* _Given data_
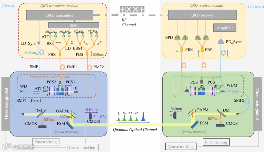 面向移动平台偏振编码量子密钥分发的应用需求,研究者们通过在无人机端引入额外的保偏光纤路径,利用混合编码的方案发展了全套无需实时校准的动中通偏振控制与保持技术。完整光路设计见图2。
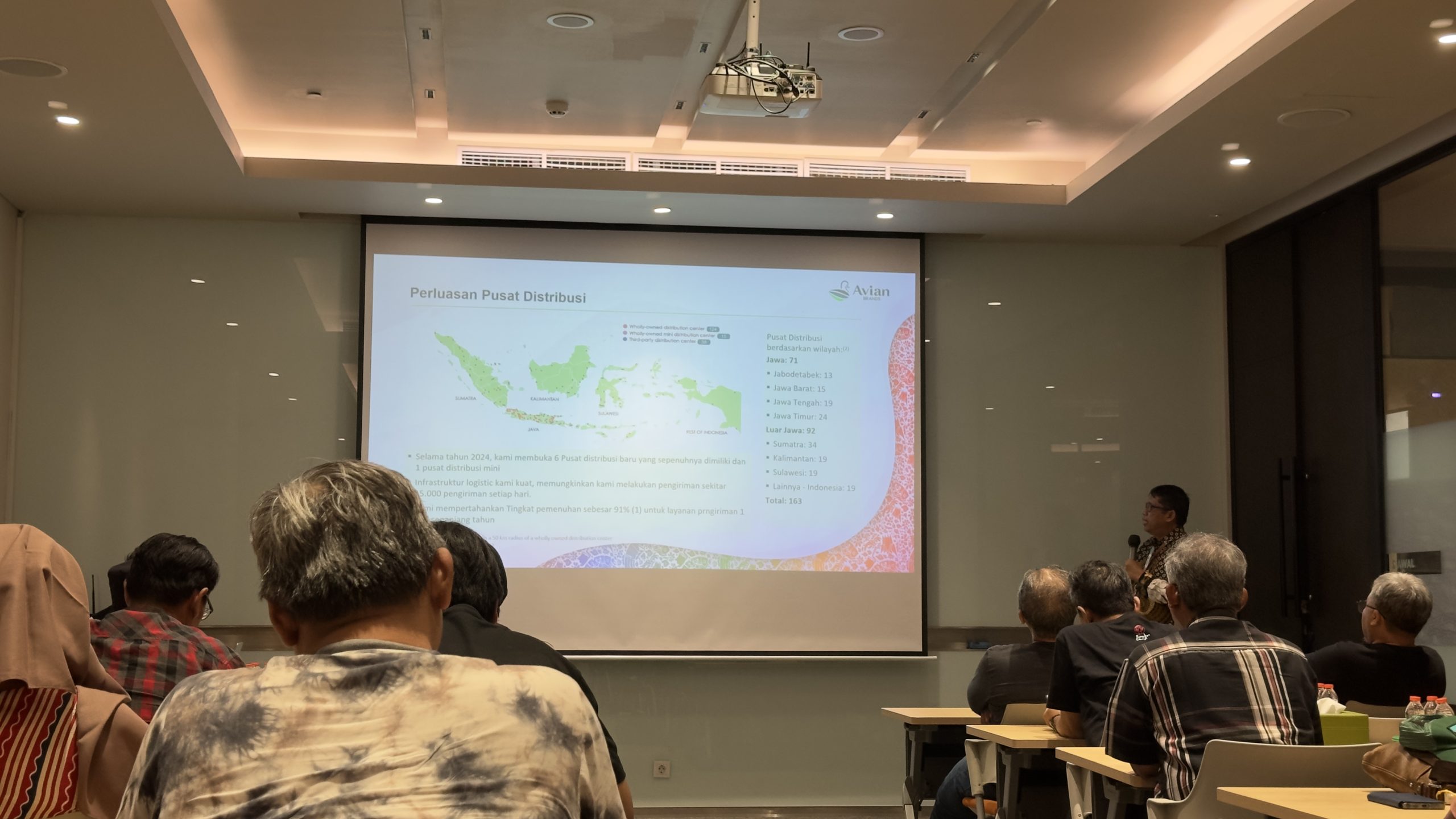 Siang harinya, rombongan bergerak menuju Pabrik Cat Avian. Agenda dimulai dengan paparan dari tim Avian mengenai sejarah berdiri, perkembangan usaha, inovasi produk, keberlanjutan, serta peran cat dalam mendukung arsitektur modern. Setelah itu, peserta makan siang bersama kemudian  diajak mengikuti pabrik tour, menyusuri lini produksi, museum cat, dan laboratorium penelitian Avian. Kegiatan ini memberi wawasan baru mengenai pentingnya industri pendukung arsitektur.
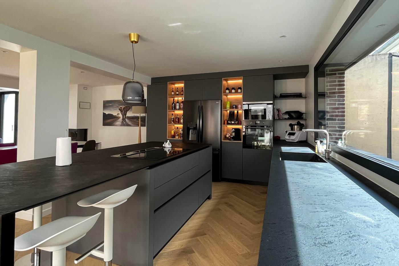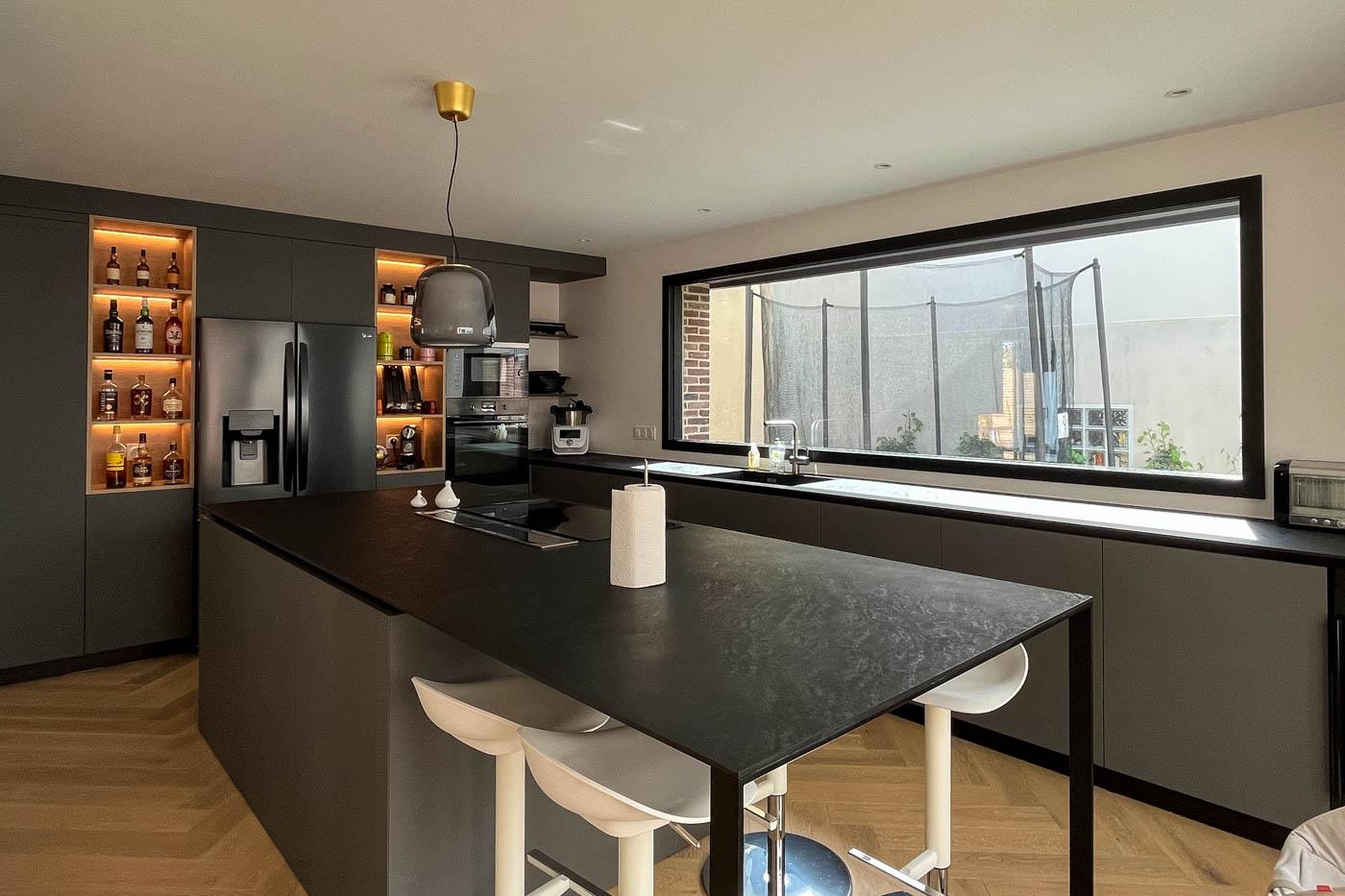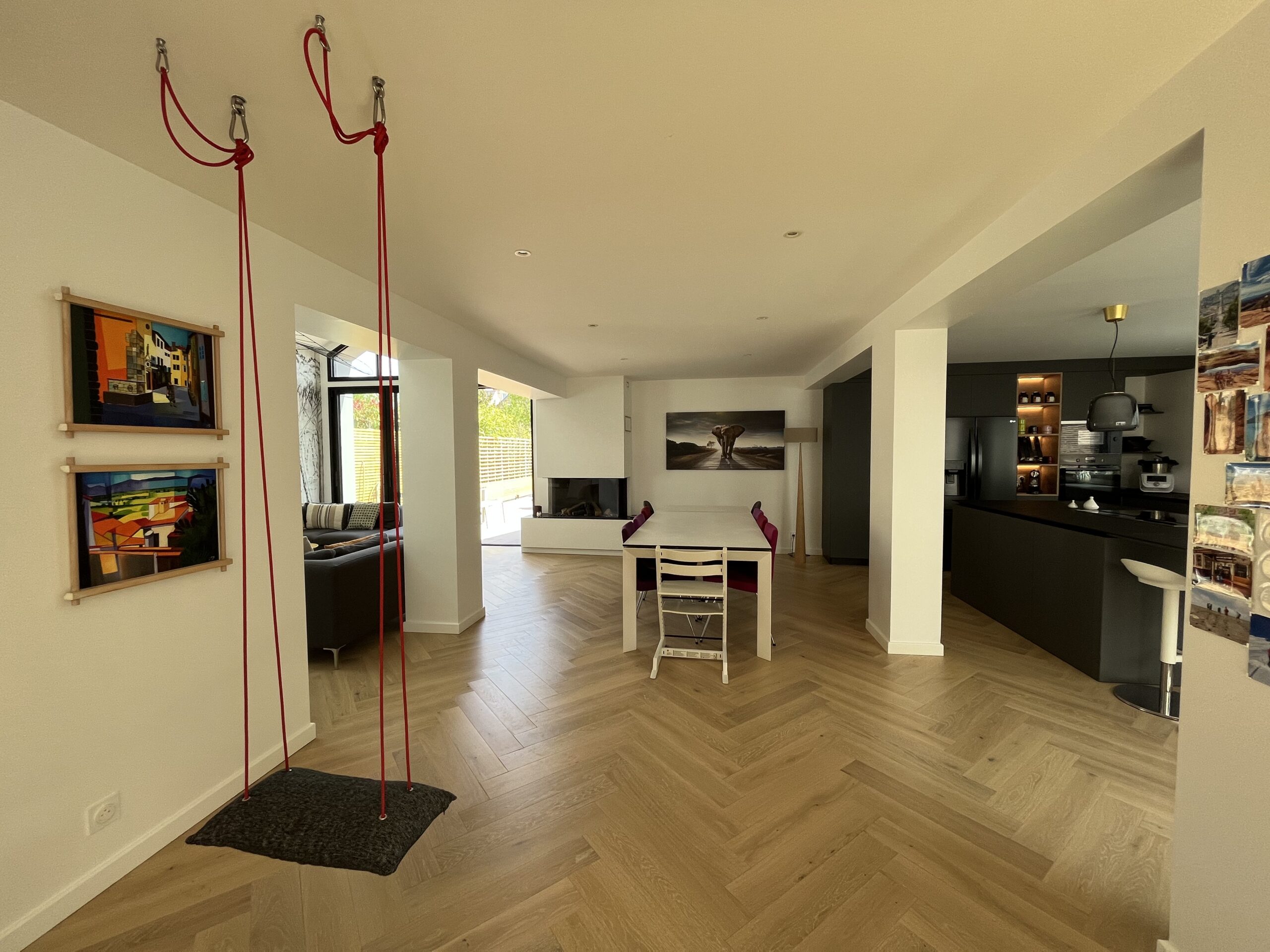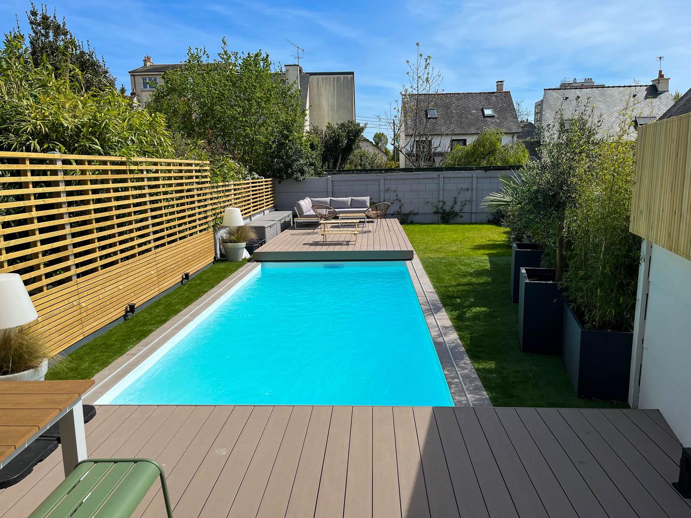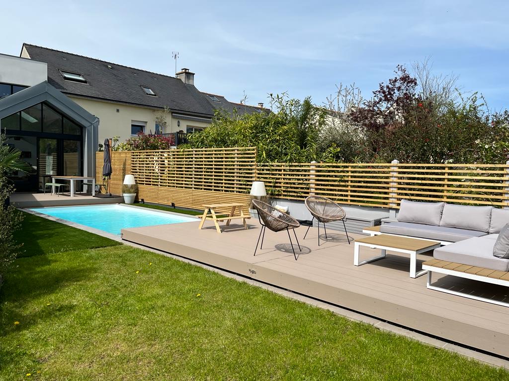 Implanté au cœur d’un tissu urbain résidentiel dense à Rennes, ce projet de maison individuelle avec studio indépendant s’articule dans une volumétrie fragmentée. Pour intégrer l’ensemble du programme dans le respect du règlement local d’urbanisme, nous avons combiné différentes hauteurs et matérialités, organisant les espaces de vie autour d’un patio central. Ce dispositif architectural favorise l’apport de lumière naturelle au centre de l’habitation tout en préservant l’intimité d’une piscine intégrée. Cette conception bioclimatique optimise les usages et les flux, offrant une réponse contemporaine à la densification du centre-ville.

* _Aim of the task_
Write out exactly the lines of the material above, starting with the first and finishing with the line that contains "Siang harinya, rombongan", without pictures.

* _Your response_
 面向移动平台偏振编码量子密钥分发的应用需求,研究者们通过在无人机端引入额外的保偏光纤路径,利用混合编码的方案发展了全套无需实时校准的动中通偏振控制与保持技术。完整光路设计见图2。
 Siang harinya, rombongan bergerak menuju Pabrik Cat Avian. Agenda dimulai dengan paparan dari tim Avian mengenai sejarah berdiri, perkembangan usaha, inovasi produk, keberlanjutan, serta peran cat dalam mendukung arsitektur modern. Setelah itu, peserta makan siang bersama kemudian  diajak mengikuti pabrik tour, menyusuri lini produksi, museum cat, dan laboratorium penelitian Avian. Kegiatan ini memberi wawasan baru mengenai pentingnya industri pendukung arsitektur.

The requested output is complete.